Solche Leute werden erst dann abdanken wenn sie unter die Erde kommen. Für sie gibt es nicht viel anderes ausser die Arbeti udn gerade wenn man etwas aufgebaut hat klammert man sich sehr daran und will es nicht loslassen. Hat derjenige nicht einen Nachfolger oder einen Sohn der die Firma übernimmt und ihn endgültig abschiesst und keine Widerrede zulässt wird derjenige immer wieder kommen und auch immer wieder dazwischen reden.

Also ich denke den wirst du nicht so schnell los.

Ob die Trennung der Abteilungne auch wirklich etwas bringen wird, würd ich nicht drauf wetten.


----------



## pnn (19. Mai 2009)

Ich würde ihm einfach mal richtig die Meinung sagen ... dann gibt es nur 3 Optionen: 
- er schlcukt es und ändert sich dir gegenüber
- er schmeisst dich in der Probezeit raus
- oder es wird schlimmer und du gehst von alleine

Bei der Arbeitssituation kannst du mMn in allen 3 Fällen nur gewinnen. Natürlich würde ich mich da vorher erstmal schon nach anderen Stellen umschauen. 

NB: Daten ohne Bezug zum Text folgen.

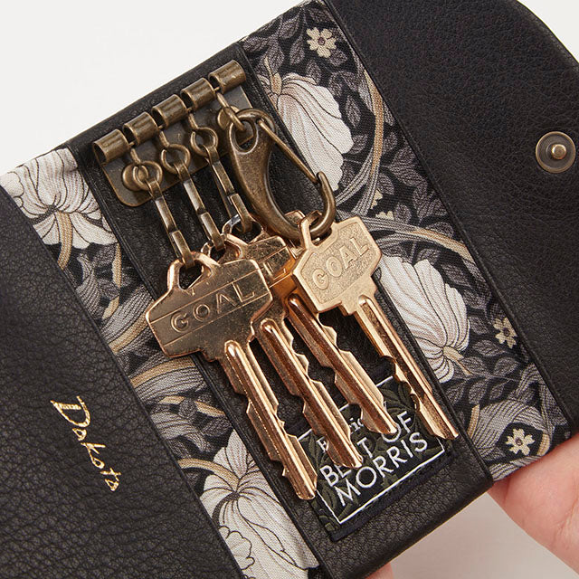 袋縫いでふっくら優しい印象が魅力のキーケースです。内側には、キーフックが4つ、キーチェーンが1つ付いています。優しい牛革のカラーリングと、「BEST OF MORRIS」の柄生地の組み合わせを楽しむことができます。ギフトにもおすすめのアイテムです。

			Dieser Inhalt steht nur eingeloggten Mitgliedern zur Verfügung.


----------



## Scrätcher (19. Mai 2009)

marion9394 schrieb:


> *ich bin wirklich scheiß freundlich zu dem!*
> 
> *mit dem alten sack *



du bist die Einzige die Probleme mit ihm hat? Die ältere Generation ist teilweise anders "gestrickt". Vielleicht gefällt ihm ja nicht, dass du eben so "scheiß freundlich" zu ihm bist. Manche Menschen sehen das was du denkst, egal wie freundlich du dabei redest! oO Oder deine Kollegen helfen dir gern mal weil du ne Frau bist und es geht im auf den Sender. Gerade Leute über 60 haben da noch ein anderes Gesellschaftsbild im Kopf und da müssen sich Frauen erstmal beweisen. 

Bevor du was unüberlegtes tust, solltest du auf jedenfall mal ausprobieren ihn davon zu überzeugen, das du ein gutes Selbstbewußtsein hast und ein Durchsetzungsvermögen. Normalerweise sollte es ihm imponieren und er sieht das du nicht nur ein "Blondchen" bist, was ständig von allen Hilfe kriegt sondern eine selbstbewußte Frau.

Die andere Möglichkeit wäre, er ist ein notorischer Choleriker, das paßt aber nicht so wirklich ins Bild, weil er ja den Anderen gegenüber freundlich ist.

<- übernimmt aber keine Haftung!  


			Dieser Inhalt steht nur eingeloggten Mitgliedern zur Verfügung.


----------



## Rathloriel (19. Mai 2009)

Ach schwierige Situation. Ich denke du wirst ihn nicht ändern können. Der ist wie er ist und wird sich in dem Alter auch nicht dir zu liebe anpassen, so gemein wies klingt.

Du musst dir nun überlegen, macht dir die Arbeit Spaß? Magst du die anderen Leute da? Also ist es dir das Theater wert?

Oder bist du jmd, der ( wie ich zum Bsp ) relativ feinfühlig ist und in einer solchen Umgebung eingeht wie ne Primel die man nicht gießt.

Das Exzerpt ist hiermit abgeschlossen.